[Records contained in a dataset]
******************************

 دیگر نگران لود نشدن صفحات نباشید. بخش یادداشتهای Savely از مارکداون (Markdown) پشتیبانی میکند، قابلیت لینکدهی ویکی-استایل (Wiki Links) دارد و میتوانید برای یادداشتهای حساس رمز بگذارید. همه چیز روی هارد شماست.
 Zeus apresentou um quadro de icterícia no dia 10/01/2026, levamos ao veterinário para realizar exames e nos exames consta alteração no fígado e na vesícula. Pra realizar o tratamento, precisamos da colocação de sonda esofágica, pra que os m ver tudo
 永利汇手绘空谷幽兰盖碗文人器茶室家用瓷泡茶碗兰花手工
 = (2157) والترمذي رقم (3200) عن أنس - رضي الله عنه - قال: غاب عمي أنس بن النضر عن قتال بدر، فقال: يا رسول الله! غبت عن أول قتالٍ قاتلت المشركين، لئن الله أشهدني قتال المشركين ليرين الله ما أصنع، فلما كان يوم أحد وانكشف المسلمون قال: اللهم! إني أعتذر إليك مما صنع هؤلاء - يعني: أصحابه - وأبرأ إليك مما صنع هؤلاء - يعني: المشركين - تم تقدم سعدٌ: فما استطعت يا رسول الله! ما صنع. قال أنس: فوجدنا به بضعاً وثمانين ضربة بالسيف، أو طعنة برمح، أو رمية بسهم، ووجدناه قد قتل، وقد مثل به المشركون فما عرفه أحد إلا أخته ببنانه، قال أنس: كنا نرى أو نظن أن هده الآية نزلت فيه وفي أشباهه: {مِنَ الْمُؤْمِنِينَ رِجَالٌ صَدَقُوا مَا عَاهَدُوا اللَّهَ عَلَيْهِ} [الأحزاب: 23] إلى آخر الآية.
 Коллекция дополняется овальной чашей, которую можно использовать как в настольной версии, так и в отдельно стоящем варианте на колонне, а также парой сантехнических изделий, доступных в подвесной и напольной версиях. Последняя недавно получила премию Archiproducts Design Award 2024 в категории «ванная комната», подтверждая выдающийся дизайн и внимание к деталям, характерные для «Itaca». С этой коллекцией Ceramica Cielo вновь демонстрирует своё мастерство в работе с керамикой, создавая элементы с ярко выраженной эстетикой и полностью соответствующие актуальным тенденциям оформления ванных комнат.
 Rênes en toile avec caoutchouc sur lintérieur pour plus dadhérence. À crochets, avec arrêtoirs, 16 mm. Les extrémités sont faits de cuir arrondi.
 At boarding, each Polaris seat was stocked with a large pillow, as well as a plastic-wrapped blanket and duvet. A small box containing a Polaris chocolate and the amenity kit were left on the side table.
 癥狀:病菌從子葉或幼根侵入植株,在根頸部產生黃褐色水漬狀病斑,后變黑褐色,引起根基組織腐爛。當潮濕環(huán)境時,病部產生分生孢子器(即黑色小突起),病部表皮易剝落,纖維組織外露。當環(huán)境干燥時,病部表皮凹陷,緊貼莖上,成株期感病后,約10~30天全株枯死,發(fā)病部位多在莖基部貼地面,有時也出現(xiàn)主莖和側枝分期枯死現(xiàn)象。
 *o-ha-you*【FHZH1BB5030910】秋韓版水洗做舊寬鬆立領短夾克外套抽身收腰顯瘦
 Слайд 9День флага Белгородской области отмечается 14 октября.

******************************

- _WORK INSTRUCTIONS_: Set down an exact copy of the entries above.

- _EXPECTED OUTPUT_:
 دیگر نگران لود نشدن صفحات نباشید. بخش یادداشتهای Savely از مارکداون (Markdown) پشتیبانی میکند، قابلیت لینکدهی ویکی-استایل (Wiki Links) دارد و میتوانید برای یادداشتهای حساس رمز بگذارید. همه چیز روی هارد شماست.
 Zeus apresentou um quadro de icterícia no dia 10/01/2026, levamos ao veterinário para realizar exames e nos exames consta alteração no fígado e na vesícula. Pra realizar o tratamento, precisamos da colocação de sonda esofágica, pra que os m ver tudo
 永利汇手绘空谷幽兰盖碗文人器茶室家用瓷泡茶碗兰花手工
 = (2157) والترمذي رقم (3200) عن أنس - رضي الله عنه - قال: غاب عمي أنس بن النضر عن قتال بدر، فقال: يا رسول الله! غبت عن أول قتالٍ قاتلت المشركين، لئن الله أشهدني قتال المشركين ليرين الله ما أصنع، فلما كان يوم أحد وانكشف المسلمون قال: اللهم! إني أعتذر إليك مما صنع هؤلاء - يعني: أصحابه - وأبرأ إليك مما صنع هؤلاء - يعني: المشركين - تم تقدم سعدٌ: فما استطعت يا رسول الله! ما صنع. قال أنس: فوجدنا به بضعاً وثمانين ضربة بالسيف، أو طعنة برمح، أو رمية بسهم، ووجدناه قد قتل، وقد مثل به المشركون فما عرفه أحد إلا أخته ببنانه، قال أنس: كنا نرى أو نظن أن هده الآية نزلت فيه وفي أشباهه: {مِنَ الْمُؤْمِنِينَ رِجَالٌ صَدَقُوا مَا عَاهَدُوا اللَّهَ عَلَيْهِ} [الأحزاب: 23] إلى آخر الآية.
 Коллекция дополняется овальной чашей, которую можно использовать как в настольной версии, так и в отдельно стоящем варианте на колонне, а также парой сантехнических изделий, доступных в подвесной и напольной версиях. Последняя недавно получила премию Archiproducts Design Award 2024 в категории «ванная комната», подтверждая выдающийся дизайн и внимание к деталям, характерные для «Itaca». С этой коллекцией Ceramica Cielo вновь демонстрирует своё мастерство в работе с керамикой, создавая элементы с ярко выраженной эстетикой и полностью соответствующие актуальным тенденциям оформления ванных комнат.
 Rênes en toile avec caoutchouc sur lintérieur pour plus dadhérence. À crochets, avec arrêtoirs, 16 mm. Les extrémités sont faits de cuir arrondi.
 At boarding, each Polaris seat was stocked with a large pillow, as well as a plastic-wrapped blanket and duvet. A small box containing a Polaris chocolate and the amenity kit were left on the side table.
 癥狀:病菌從子葉或幼根侵入植株,在根頸部產生黃褐色水漬狀病斑,后變黑褐色,引起根基組織腐爛。當潮濕環(huán)境時,病部產生分生孢子器(即黑色小突起),病部表皮易剝落,纖維組織外露。當環(huán)境干燥時,病部表皮凹陷,緊貼莖上,成株期感病后,約10~30天全株枯死,發(fā)病部位多在莖基部貼地面,有時也出現(xiàn)主莖和側枝分期枯死現(xiàn)象。
 *o-ha-you*【FHZH1BB5030910】秋韓版水洗做舊寬鬆立領短夾克外套抽身收腰顯瘦
 Слайд 9День флага Белгородской области отмечается 14 октября.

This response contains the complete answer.